Category: Cognitive Science

Evolutionary Optimization and Environmental Coupling

Red QueensCarl Schulman and Nick Bostrom argue about anthropic principles in “How Hard is Artificial Intelligence? Evolutionary Arguments and Selection Effects” (Journal of Consciousness Studies, 2012, 19:7-8), focusing on specific models for how the assumption of human-level intelligence should be easy to automate are built upon a foundation of assumptions of what easy means because of observational bias (we assume we are intelligent, so the observation of intelligence seems likely).

Yet the analysis of this presumption is blocked by a prior consideration: given that we are intelligent, we should be able to achieve artificial, simulated intelligence. If this is not, in fact, true, then the utility of determining whether the assumption of our own intelligence being highly probable is warranted becomes irrelevant because we may not be able to demonstrate that artificial intelligence is achievable anyway. About this, the authors are dismissive concerning any requirement for simulating the environment that is a prerequisite for organismal and species optimization against that environment:

In the limiting case, if complete microphysical accuracy were insisted upon, the computational requirements would balloon to utterly infeasible proportions. However, such extreme pessimism seems unlikely to be well founded; it seems unlikely that the best environment for evolving intelligence is one that mimics nature as closely as possible. It is, on the contrary, plausible that it would be more efficient to use an artificial selection environment, one quite unlike that of our ancestors, an environment specifically designed to promote adaptations that increase the type of intelligence we are seeking to evolve (say, abstract reasoning and general problem-solving skills as opposed to maximally fast instinctual reactions or a highly optimized visual system).

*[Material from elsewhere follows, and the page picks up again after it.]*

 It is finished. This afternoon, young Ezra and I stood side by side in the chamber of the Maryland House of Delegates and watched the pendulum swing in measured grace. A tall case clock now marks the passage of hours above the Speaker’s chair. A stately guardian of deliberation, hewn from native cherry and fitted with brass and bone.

Why is this “unlikely”? The argument is that there are classes of mental function that can be compartmentalized away from the broader, known evolutionary provocateurs. For instance, the Red Queen argument concerning sexual optimization in the face of significant parasitism is dismissed as merely a distraction to real intelligence:

And as mentioned above, evolution scatters much of its selection power on traits that are unrelated to intelligence, such as Red Queen’s races of co-evolution between immune systems and parasites. Evolution will continue to waste resources producing mutations that have been reliably lethal, and will fail to make use of statistical similarities in the effects of different mutations. All these represent inefficiencies in natural selection (when viewed as a means of evolving intelligence) that it would be relatively easy for a human engineer to avoid while using evolutionary algorithms to develop intelligent software.

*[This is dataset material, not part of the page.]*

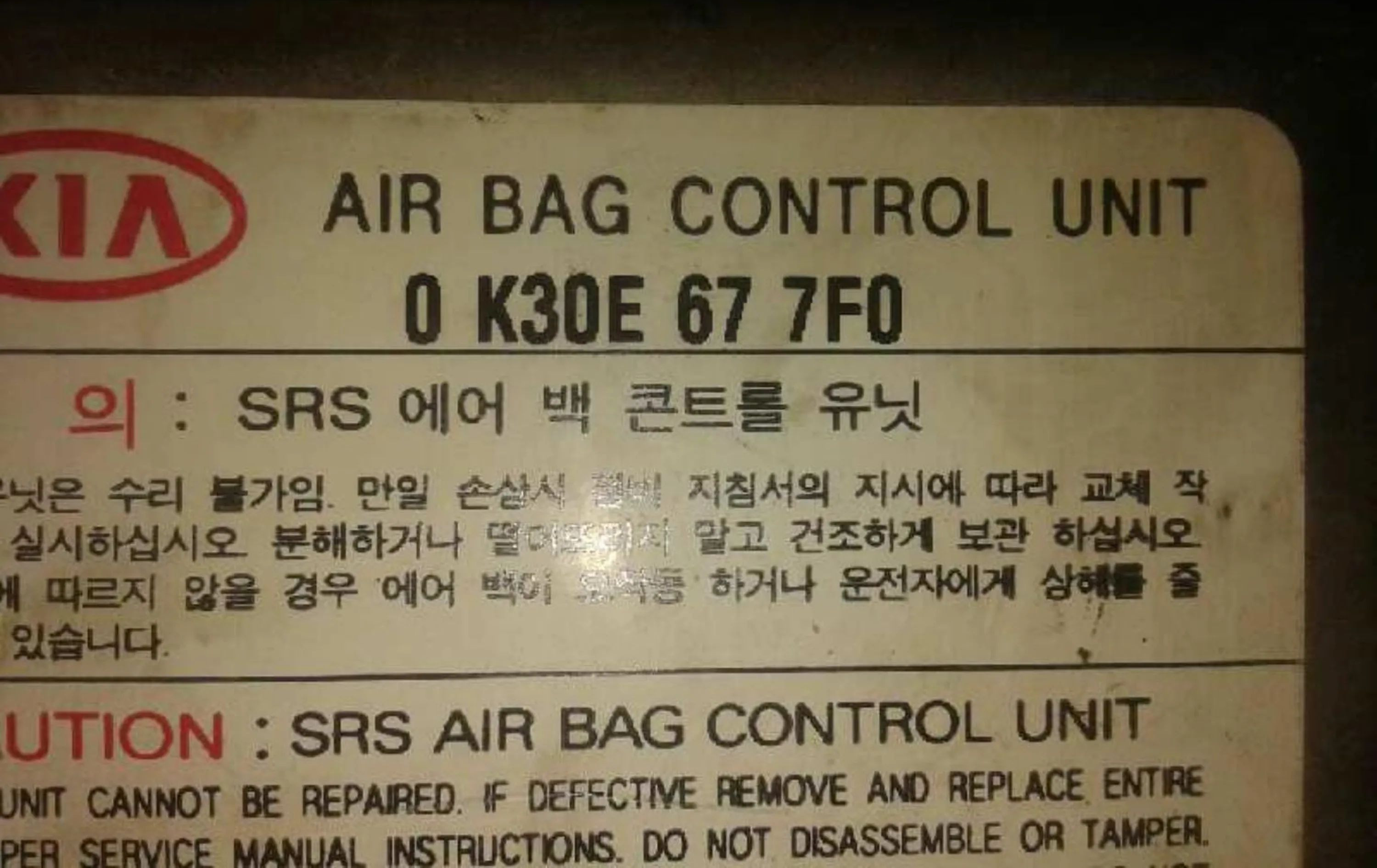 Блок подушек безопасности 0K30E677F0, CENTRALITAAIRBAG KIA Rio

Inefficiencies? Really? We know that sexual dimorphism and competition are essential to the evolution of advanced species. Even the growth of brain size and creative capabilities are likely tied to sexual competition, so why should we think that they can be uncoupled? Instead, we are left with a blocker to the core argument that states instead that simulated evolution may, in fact, not be capable of producing sufficient complexity to produce intelligence as we know it without, in turn, a sufficiently complex simulated fitness function to evolve against. Observational effects, aside, if we don’t get this right, we need not worry about the problem of whether there are 10 or ten billion planets suitable for life out there.

Active Deep Learning

BrainDeep Learning methods that use auto-associative neural networks to pre-train (with bottlenecking methods to ensure generalization) have recently been shown to perform as well and even better than human beings at certain tasks like image categorization. But what is missing from the proposed methods? There seem to be a range of challenges that revolve around temporal novelty and sequential activation/classification problems like those that occur in natural language understanding. The most recent achievements are more oriented around relatively static data presentations.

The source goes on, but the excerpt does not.